EXERCISE:
Locate the line that contains "Fig. 38: The flying Mansion" in the entries below, then repeat it and every following line through the line that contains "Start of digging swimming pond.", exactly, and no others.

DATASET ENTRIES:
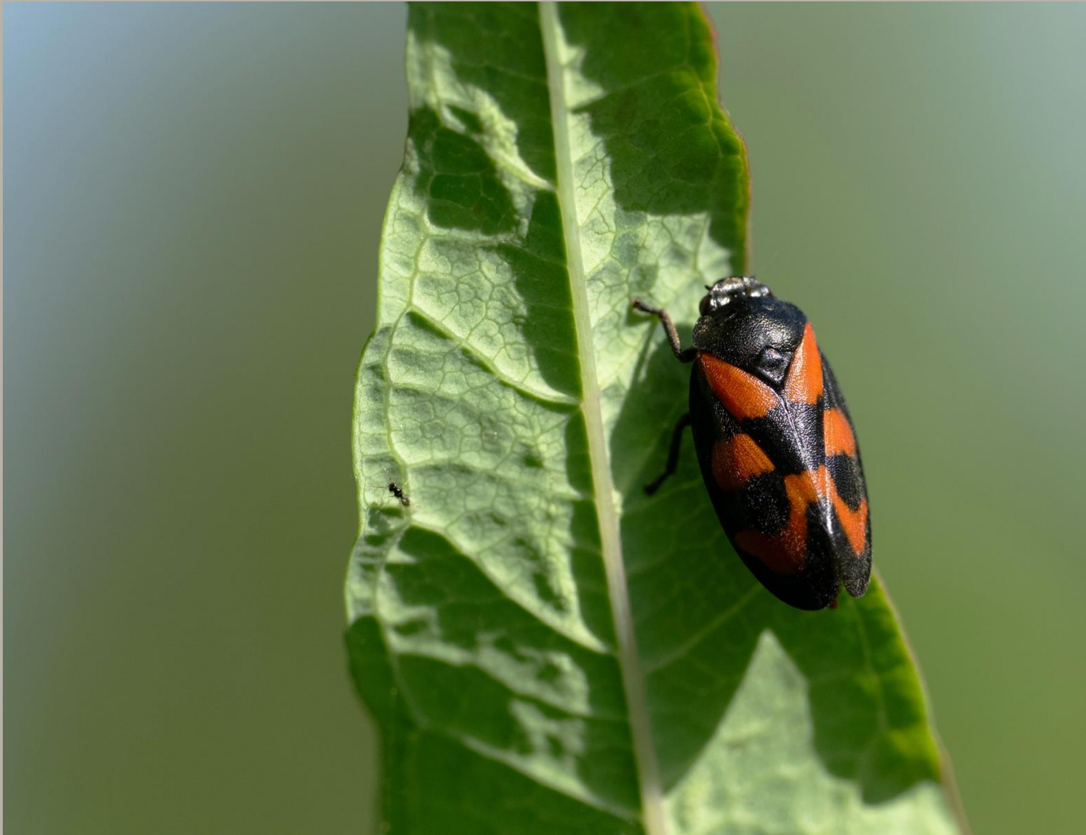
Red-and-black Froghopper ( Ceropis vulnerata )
--
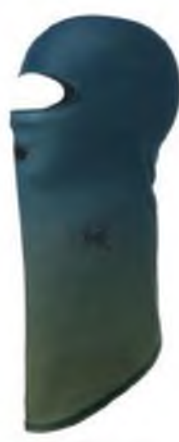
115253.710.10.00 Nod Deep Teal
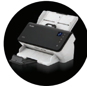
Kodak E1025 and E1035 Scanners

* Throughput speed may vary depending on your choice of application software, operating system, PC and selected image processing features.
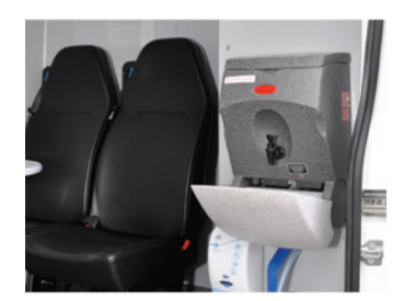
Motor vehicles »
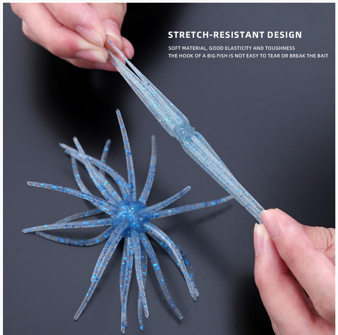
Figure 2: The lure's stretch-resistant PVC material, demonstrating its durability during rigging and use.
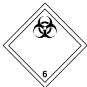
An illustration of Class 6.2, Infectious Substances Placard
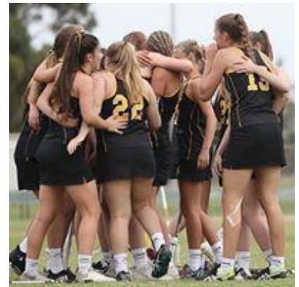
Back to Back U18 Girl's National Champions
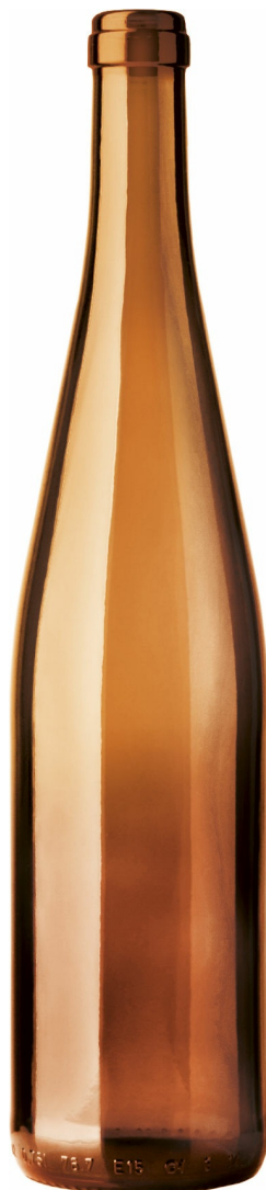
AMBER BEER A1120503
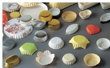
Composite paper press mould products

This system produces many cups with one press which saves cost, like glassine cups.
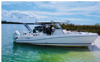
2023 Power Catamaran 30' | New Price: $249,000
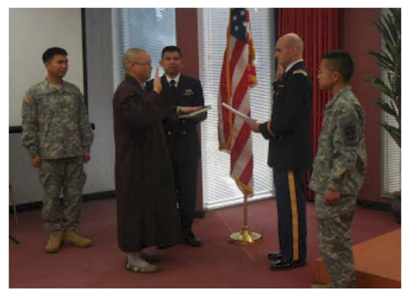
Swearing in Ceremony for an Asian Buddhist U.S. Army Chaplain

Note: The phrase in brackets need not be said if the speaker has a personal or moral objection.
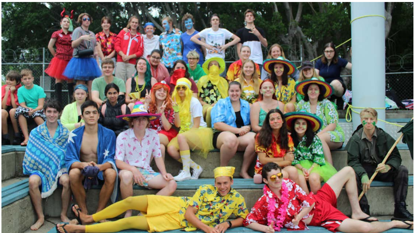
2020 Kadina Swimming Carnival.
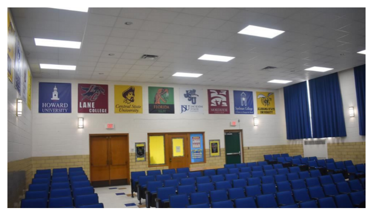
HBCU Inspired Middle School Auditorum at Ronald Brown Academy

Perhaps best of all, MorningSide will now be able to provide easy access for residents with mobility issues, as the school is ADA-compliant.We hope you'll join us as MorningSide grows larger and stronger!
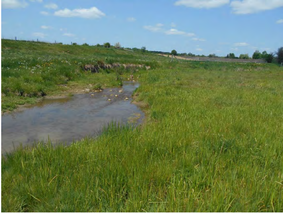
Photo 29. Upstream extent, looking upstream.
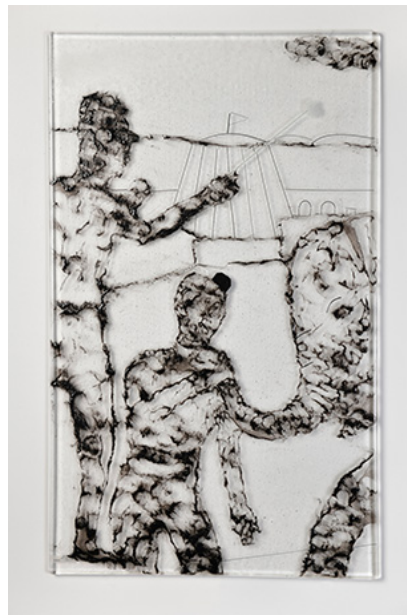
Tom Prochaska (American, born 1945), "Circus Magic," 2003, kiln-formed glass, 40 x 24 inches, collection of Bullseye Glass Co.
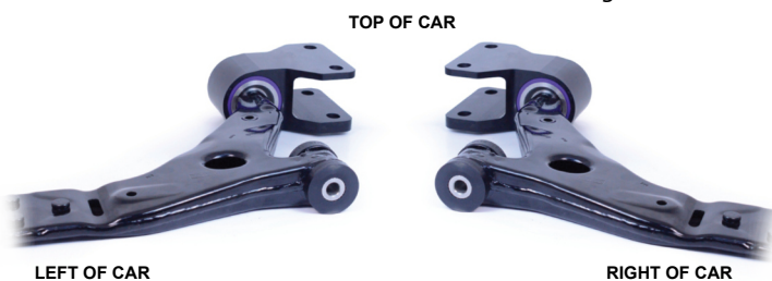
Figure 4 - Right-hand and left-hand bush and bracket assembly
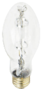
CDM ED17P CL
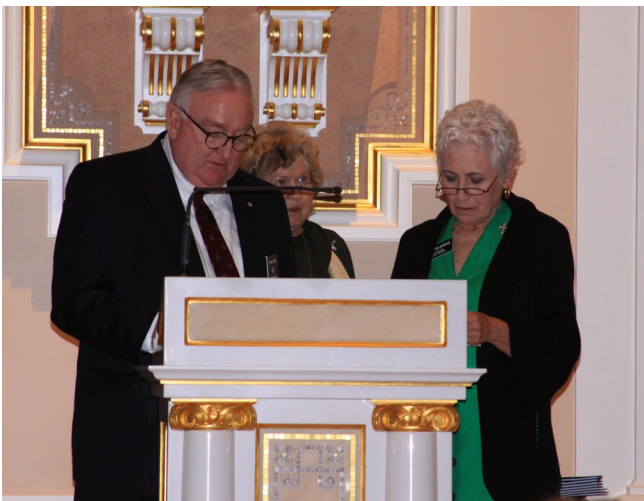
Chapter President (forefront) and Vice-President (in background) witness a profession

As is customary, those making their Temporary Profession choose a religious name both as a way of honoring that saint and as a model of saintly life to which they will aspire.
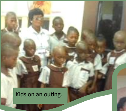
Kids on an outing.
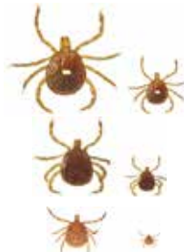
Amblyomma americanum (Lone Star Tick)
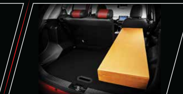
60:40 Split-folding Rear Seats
...
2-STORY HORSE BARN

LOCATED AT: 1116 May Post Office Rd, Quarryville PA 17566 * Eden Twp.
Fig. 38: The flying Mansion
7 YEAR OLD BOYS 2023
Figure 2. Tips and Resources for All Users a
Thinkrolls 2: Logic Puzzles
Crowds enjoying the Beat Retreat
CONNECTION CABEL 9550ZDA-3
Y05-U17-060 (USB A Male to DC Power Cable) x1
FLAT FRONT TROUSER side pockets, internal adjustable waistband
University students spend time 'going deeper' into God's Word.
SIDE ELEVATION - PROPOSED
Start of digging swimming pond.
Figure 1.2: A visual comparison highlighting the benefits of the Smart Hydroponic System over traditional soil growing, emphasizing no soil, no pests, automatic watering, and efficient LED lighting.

WRITTEN REPLY:
Fig. 38: The flying Mansion
7 YEAR OLD BOYS 2023
Figure 2. Tips and Resources for All Users a
Thinkrolls 2: Logic Puzzles
Crowds enjoying the Beat Retreat
CONNECTION CABEL 9550ZDA-3
Y05-U17-060 (USB A Male to DC Power Cable) x1
FLAT FRONT TROUSER side pockets, internal adjustable waistband
University students spend time 'going deeper' into God's Word.
SIDE ELEVATION - PROPOSED
Start of digging swimming pond.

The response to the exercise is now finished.